The calibration procedure used in this study has a number of strengths and weaknesses. In keeping with the low-cost nature of the UMDS and a desire to have a low-cost, low-resource calibration procedure, we chose to use an inexpensive, commercially available vacuum cleaner as an aerosol generator. Moreover, we utilized a representative dust, detritus from carpet (not aluminum oxide/Arizona road dust etc.), and conducted the calibration procedure in a readily available carpeted home/office setting similar to a research participant’s home (non-lab, no purpose built chamber). However, a number of sensor calibration data are missing (see Figures 2 and 3). Some calibration data were unrecoverable due to a software error in uploading information from the UMDS to the secure database—this has subsequently been remedied. In addition, the vacuum cleaner-generated aerosol often times resulted in a room concentration above the ULOQ of the UMDS. As a consequence, several calibration events yielded aerosol concentrations entirely above the ULOQ of the UMDS and therefore were excluded from analyses.
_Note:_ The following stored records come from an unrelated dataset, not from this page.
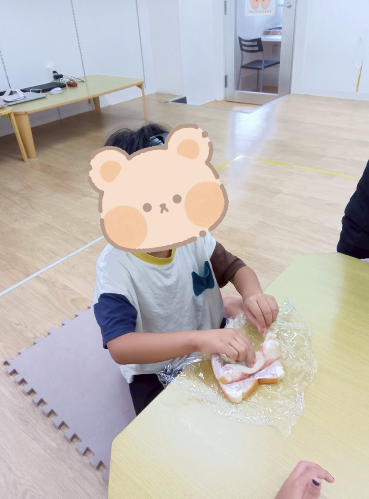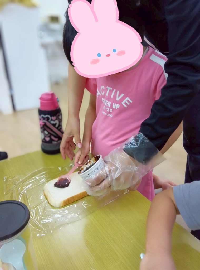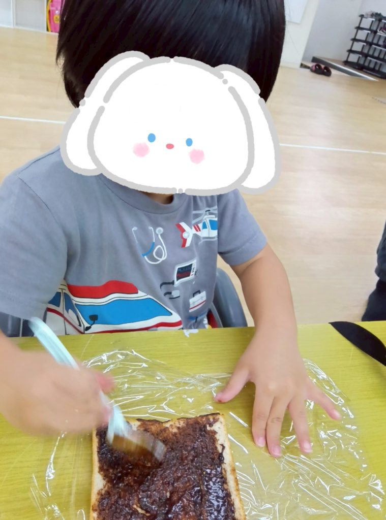 本日の課題は。。。みーんな大好きおやつクッキング🥪🍳食パンを使ってくるくる🌀サンドイッチを作りました✨
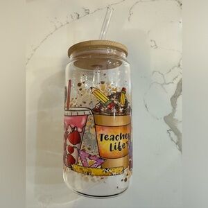 TEACHER LIFE 16 oz Glass Cup Coffee Tea Wine with Bamboo lid and Glass Straw NWT
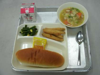 今日の給食は、わかさぎフライ、スープ煮、三度豆とコーンの甘酢あえ、コッペパン、牛乳です。
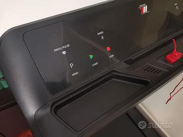 Vendo a prezzo d'occasione tapis roulant professionale elettrico pieghevole Your Move (YM) modello Next 4000. Come NUOVO (usato in tutto meno di 2 ore!). Acquistato su Amazon il 22/02/2023 a 399,99 euro. Funziona perfettamente: lo rivendo, con un certo rammarico, perché sono spesso fuori sede per lavoro ed è un peccato tenerlo inutilizzato. Colore:Nero Dimensioni da aperto: 147D x 74L x 120H cm Dimensioni da chiuso: 147D x 74L x 25,5H cm Peso: 38 Chilogrammi [CARATTERISTICHE]. Presenta un’ampia e ammortizzata superficie di corsa, per garantire il massimo delle prestazioni, 12 programmi di allenamento a varie intensità, 3 livelli di inclinazione, un motore potente da 2,5HP per correre fino ai 14 km/h. [ALLENAMENTO INTERATTIVO]. Il display è dotato di un innovativo CONTROLLO dei movimenti GESTURE CONTROL (Patent Pending) in grado di riconoscere i MOVIMENTI DELLE MANI. Allenati divertendoti grazie alle APP compatibili (Kinomap, Zwift, Bitgym e Fitshow) scaricabili su Google Play e App Store. Con il Bluetooth potrai connetterti a TV, PC, Smartphone e Tablet. Troverai allenamenti strutturati per obiettivi + musica motivazionale + cronologia allenamento individuale + coaching e molto altro. [MONTAGGIO SEMPLICE]. YM NEXT 4000 arriva premontato, già lubrificato, completo di tutti gli accessori e manuale in lingua italiana. È sufficiente aprire il tapis roulant per un prodotto immediatamente pronto all’uso. Una volta terminato il suo utilizzo, potrà essere chiuso facilmente e riposto orizzontalmente o verticalmente occupando pochissimo spazio, grazie allo spessore di soli 25,5 cm. Le ruote integrate permettono una facile movimentazione. TAPPETO antivibrazioni fonoassorbente incluso. [SPECIFICHE TECNICHE]. Potenza Motore: 2,5 HP (Picco: 4,0 HP) – Velocità massima 14,0 km/h - Capienza di Peso: 120 kg. – Larghezza superficie di Corsa: 42 cm – Lunghezza superficie di Corsa: 120 cm – 3 Livelli di Inclinazione – 12 Programmi di Allenamento – Sensori Cardio sulle impugnature

Additionally, several calibration events were excluded due to low R2 values, likely due to the majority of the aerosol concentration values above the ULOQ leaving a limited number of aerosol concentration data points within the operational range of the UMDS. In hindsight, this low-cost, low-resource procedure could be utilized for calibration providing that 1) the operator monitored the reference instrument and 2) manipulated the vacuum cleaner-generated aerosol to ensure sufficient aerosol concentrations across the operational range of the UMDS are achieved.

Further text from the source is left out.